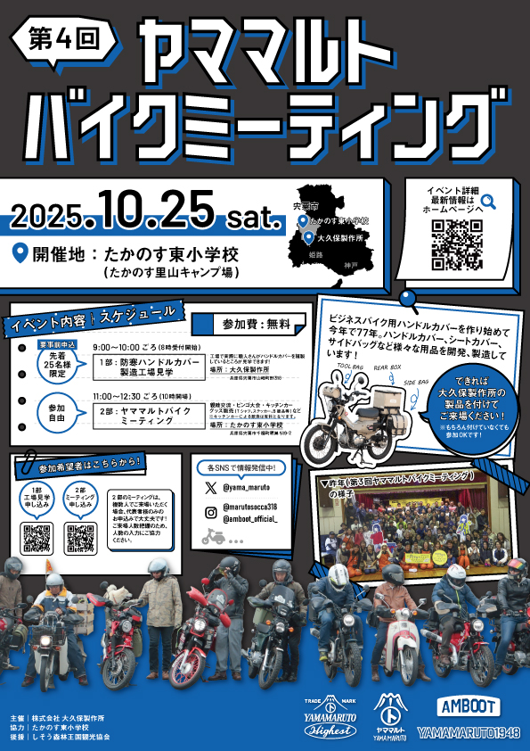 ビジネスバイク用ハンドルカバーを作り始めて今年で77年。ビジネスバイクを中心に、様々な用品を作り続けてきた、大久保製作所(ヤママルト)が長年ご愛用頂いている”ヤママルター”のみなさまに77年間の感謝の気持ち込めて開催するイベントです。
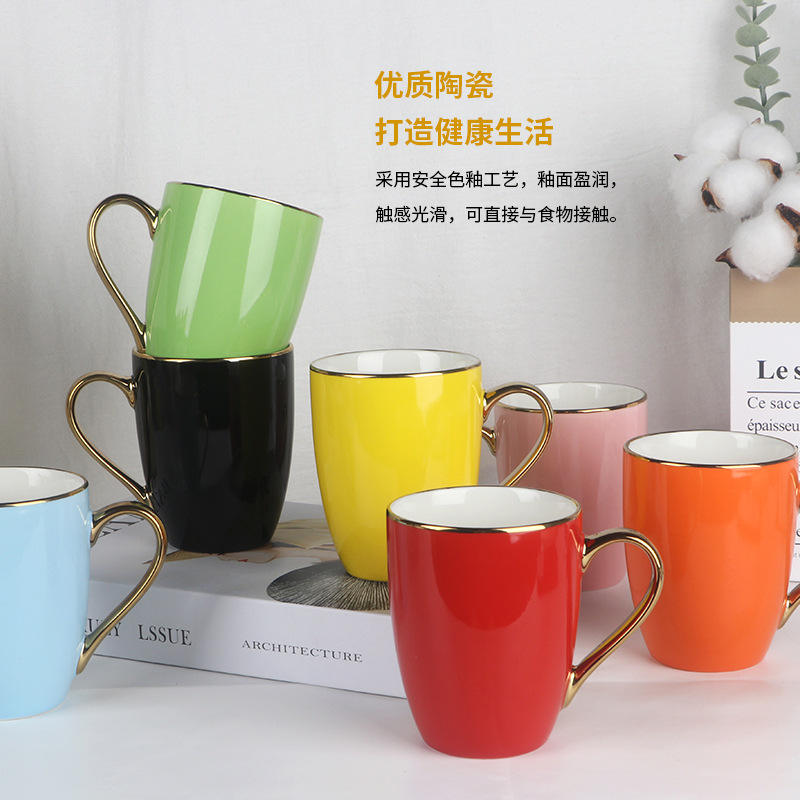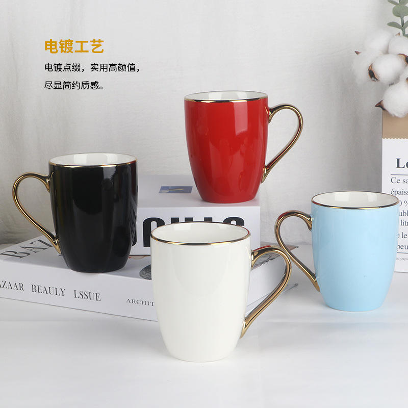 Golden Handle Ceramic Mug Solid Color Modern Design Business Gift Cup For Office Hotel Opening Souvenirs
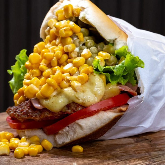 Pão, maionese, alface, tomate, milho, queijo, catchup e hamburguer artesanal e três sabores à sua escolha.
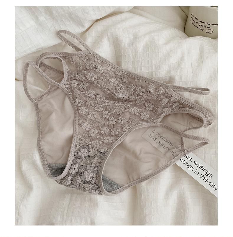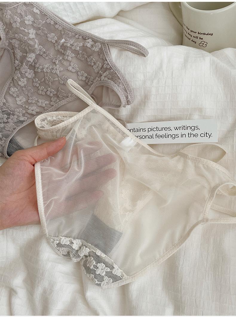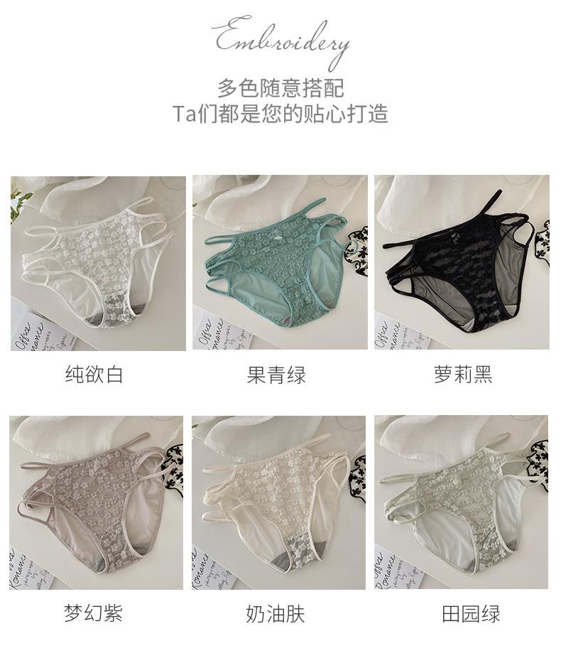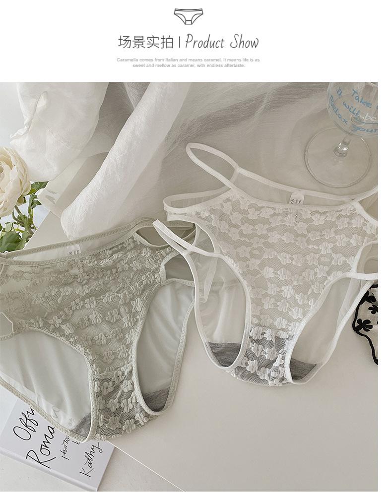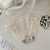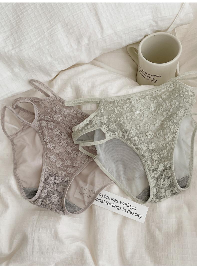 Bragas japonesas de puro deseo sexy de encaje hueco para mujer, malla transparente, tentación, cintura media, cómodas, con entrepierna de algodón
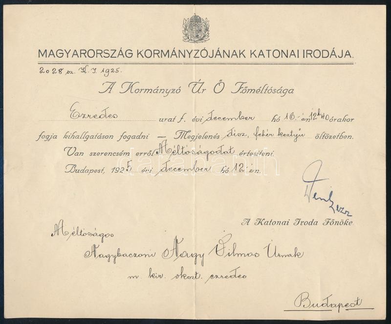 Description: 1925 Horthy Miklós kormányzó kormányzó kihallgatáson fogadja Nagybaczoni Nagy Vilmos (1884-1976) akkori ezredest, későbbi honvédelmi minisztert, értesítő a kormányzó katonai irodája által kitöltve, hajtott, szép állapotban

....

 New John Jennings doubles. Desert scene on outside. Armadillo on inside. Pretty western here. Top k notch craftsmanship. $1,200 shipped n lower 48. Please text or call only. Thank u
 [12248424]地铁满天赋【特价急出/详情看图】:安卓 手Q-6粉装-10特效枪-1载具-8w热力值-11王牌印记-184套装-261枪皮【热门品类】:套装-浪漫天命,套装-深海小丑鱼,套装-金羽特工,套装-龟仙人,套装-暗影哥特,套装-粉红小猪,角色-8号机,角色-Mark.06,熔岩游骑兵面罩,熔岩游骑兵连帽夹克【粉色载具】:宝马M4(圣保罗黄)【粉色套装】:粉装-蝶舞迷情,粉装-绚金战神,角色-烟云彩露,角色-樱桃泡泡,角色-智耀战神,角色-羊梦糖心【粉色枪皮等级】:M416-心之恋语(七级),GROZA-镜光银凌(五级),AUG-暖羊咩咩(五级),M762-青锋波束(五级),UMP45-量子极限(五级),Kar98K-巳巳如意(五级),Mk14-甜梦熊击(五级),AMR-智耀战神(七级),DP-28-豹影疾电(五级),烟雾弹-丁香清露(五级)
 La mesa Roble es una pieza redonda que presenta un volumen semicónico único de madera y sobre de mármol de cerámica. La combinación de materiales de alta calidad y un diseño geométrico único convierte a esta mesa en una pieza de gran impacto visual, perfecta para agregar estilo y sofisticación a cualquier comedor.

....

TASK TO COMPLETE: Write back the stretch of lines above that begins with the line holding "Bragas japonesas de" and ends with the line holding "Description: 1925 Horthy", both included, exactly as written. Pictures stay out.

ANSWER BOX:
 Bragas japonesas de puro deseo sexy de encaje hueco para mujer, malla transparente, tentación, cintura media, cómodas, con entrepierna de algodón
 Description: 1925 Horthy Miklós kormányzó kormányzó kihallgatáson fogadja Nagybaczoni Nagy Vilmos (1884-1976) akkori ezredest, későbbi honvédelmi minisztert, értesítő a kormányzó katonai irodája által kitöltve, hajtott, szép állapotban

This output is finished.